Something about that wakes Naruto up, and he sees Pains are after silence and ordered behavior–not peace. Peace if more than silence and obedience (see the Dalai Lama quote).
And I almost yelled right along with the knucklehead. You tell him! F#ck that guy, he’s so full of SH!T…
Naruto counters and we slip further into Pains identity until–finally!!!–we see Nagato. Perhaps he’s at some nearby mountaintop retreat. Day spa? A little wheelchair-ready bungalow just right for two?
(Just Konan and me, and chair-y makes three…in my blue heaven…).

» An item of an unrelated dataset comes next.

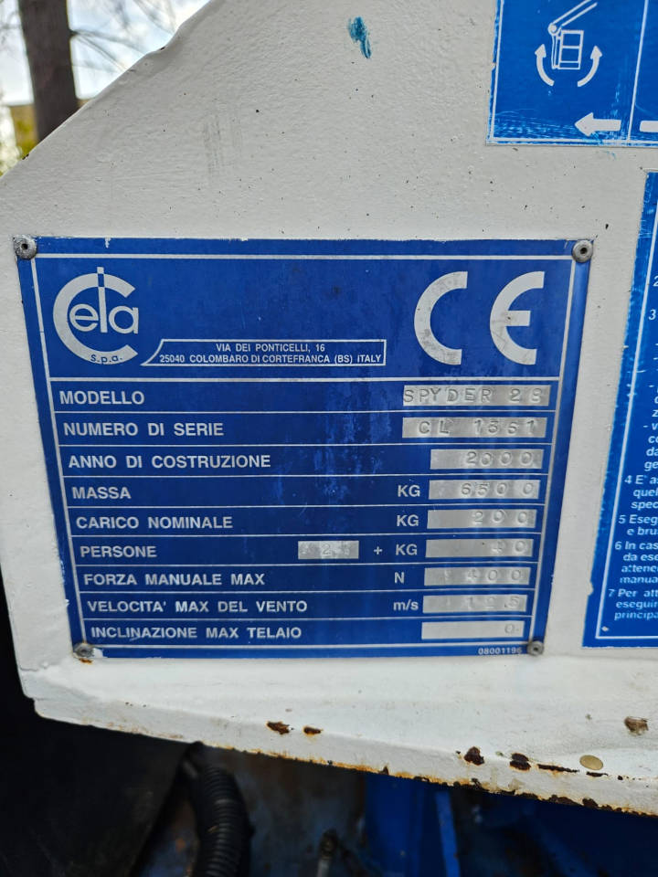 This Cela Spyder 28 spider tracked platform is a used platform of the year 2000. The spider platform Cela Spyder 28 is equipped with a basket with capacityof 200 kg, which guarantees the carrying out of operations in a simple and safe way. The Cela Spyder 28 Spider tracked platform reaches a maximum working height of 28 meters, with a horizontal outreach of 13 meters. This used spider platform has 6000 working hours. Excellent general conditions.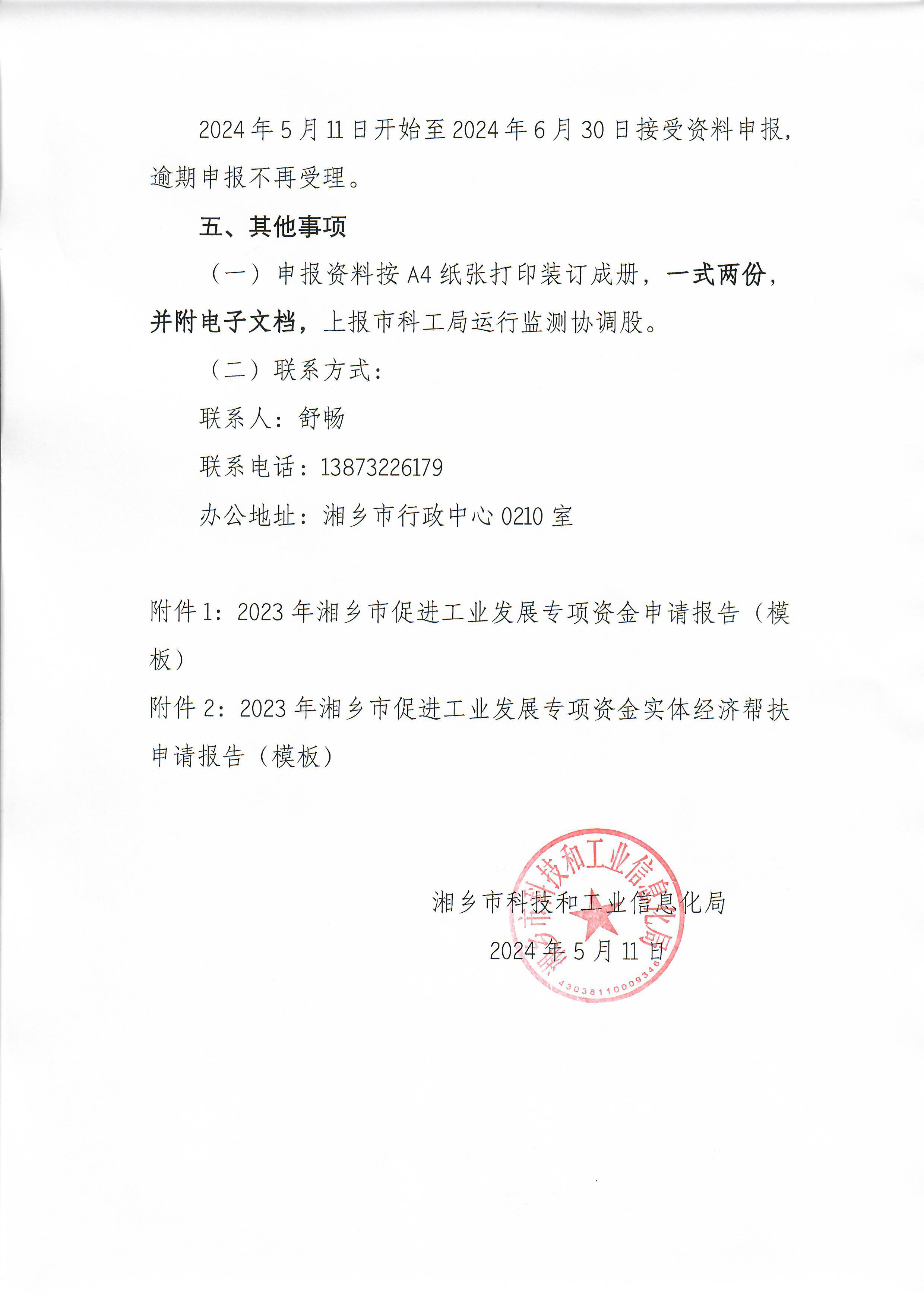 關(guān)于申報(bào)2023年湘鄉(xiāng)市促進(jìn)工業(yè)發(fā)展專項(xiàng)資金的通知

Time for the money shot…we’ve waited months…ANNNNNNDDDDD NNNNNnnow (ow-ow-ow-ow) the head villain (n-n-n-n) and Akatsuki leader (r-r-r-r), the steal the bijuu mastermind (d-d-d-d), supreme master of hunger no jutsu (u-u-u-u)…in the red corner: Nagato (o-o-o-o)!
Six arm tubes headed to some contraption behind him (if he’s in Konoha, he sure don’t travel light).
Six hydraulic legs connected to what seems to be a trash can. A skirt?
Knowing Nagato’s past work with laserhead, don’t rule out a jet or rocket engine. (I still say the little bitch is going to turn tail and run before this is over, maybe he’ll fly out on his jet-powered-rocket-pack-metal-skirt-o-doom. I hope so, that’s almost as good as some wick-ed, sick-ed jutsu. hmm. Sick-ed. It’s a thing. Tell your friends.)
Hmm…let’s take a closer look, shall we; then we can really see how carefully Nagato follows the strictest regimen of diet pills, diuretics and laxatives to maintain that healthy muscle-tone and sleek, skeletal physique.
Then let’s blow things up and look at the side view, and you’ll see it…the chakra tubes connected to his arms are plugged into a CROSS beam at his back. Hmmm. Coincidence? Or is Kishi finally bringing another world religion into the symbolism? O.o If someone doesn’t tackle the Bible parable here soon, I’m gonna hafta…
So, you’ve invaded Konoha, lost your bodies and pinned Naruto to the ground. Headed to Disneyland, yet? Hmm…maybe not. Still, looking, er, good there Nagato, like a real winner. Konan’s not concerned at all and that cough, well, really, I’m sure it’s nothing.
So where is Nagato headed from here? What do you think? Here’s some ideas to get you started, but I can’t wait to read the comments.
An incredible issue, and it was great to crack it open with you.